-------- DATASET RECORDS --------
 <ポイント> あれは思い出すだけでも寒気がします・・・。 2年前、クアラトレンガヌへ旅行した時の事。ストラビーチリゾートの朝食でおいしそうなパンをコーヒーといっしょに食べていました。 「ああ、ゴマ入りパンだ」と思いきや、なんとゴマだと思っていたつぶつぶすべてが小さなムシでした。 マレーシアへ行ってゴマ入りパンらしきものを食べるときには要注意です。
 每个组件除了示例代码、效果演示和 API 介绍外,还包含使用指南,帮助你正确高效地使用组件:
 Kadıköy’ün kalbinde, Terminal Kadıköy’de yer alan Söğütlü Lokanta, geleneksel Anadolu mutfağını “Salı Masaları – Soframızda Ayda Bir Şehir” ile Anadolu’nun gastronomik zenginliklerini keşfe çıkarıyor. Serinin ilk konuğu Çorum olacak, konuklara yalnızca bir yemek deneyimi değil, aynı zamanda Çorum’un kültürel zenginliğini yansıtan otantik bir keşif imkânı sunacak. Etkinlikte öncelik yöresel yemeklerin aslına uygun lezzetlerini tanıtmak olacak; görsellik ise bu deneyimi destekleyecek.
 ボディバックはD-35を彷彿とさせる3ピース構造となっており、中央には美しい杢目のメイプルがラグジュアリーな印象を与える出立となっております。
--------
-------- DATASET RECORDS --------
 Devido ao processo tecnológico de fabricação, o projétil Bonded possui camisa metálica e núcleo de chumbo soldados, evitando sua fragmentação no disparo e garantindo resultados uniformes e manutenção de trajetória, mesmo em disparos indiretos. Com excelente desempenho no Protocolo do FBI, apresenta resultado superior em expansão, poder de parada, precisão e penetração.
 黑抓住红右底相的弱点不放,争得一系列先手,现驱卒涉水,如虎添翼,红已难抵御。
--------
-------- DATASET RECORDS --------
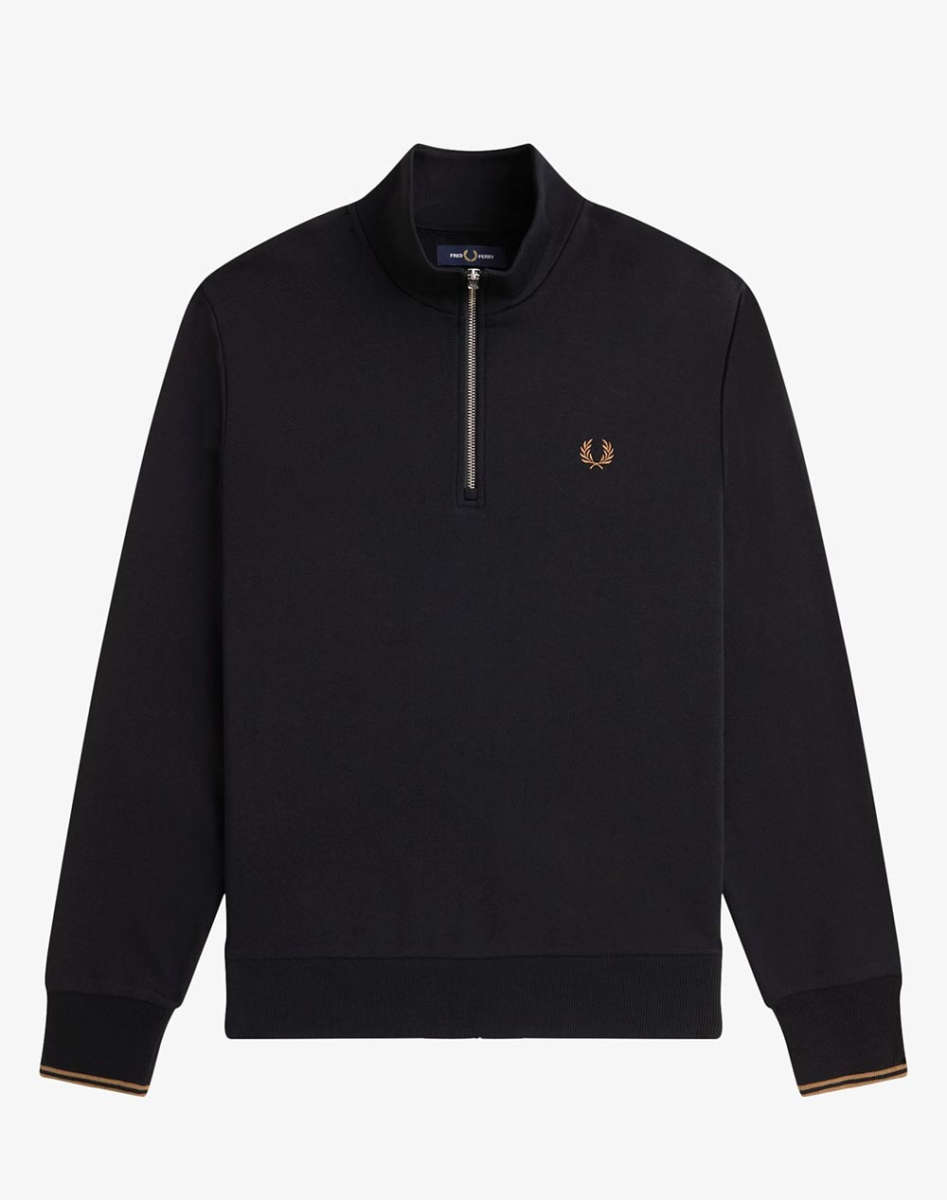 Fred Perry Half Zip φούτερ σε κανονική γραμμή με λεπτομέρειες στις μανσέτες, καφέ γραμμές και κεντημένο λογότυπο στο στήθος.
--------
__EXERCISE__
Nothing should appear in the answer except the lines above from the line with "Devido ao processo" through the line with "黑抓住红右底相的弱点不放,争得一系列先手,现驱卒涉水,如虎添翼,红已难抵御。", both included, written out exactly.

__SOLUTION__
 Devido ao processo tecnológico de fabricação, o projétil Bonded possui camisa metálica e núcleo de chumbo soldados, evitando sua fragmentação no disparo e garantindo resultados uniformes e manutenção de trajetória, mesmo em disparos indiretos. Com excelente desempenho no Protocolo do FBI, apresenta resultado superior em expansão, poder de parada, precisão e penetração.
 黑抓住红右底相的弱点不放,争得一系列先手,现驱卒涉水,如虎添翼,红已难抵御。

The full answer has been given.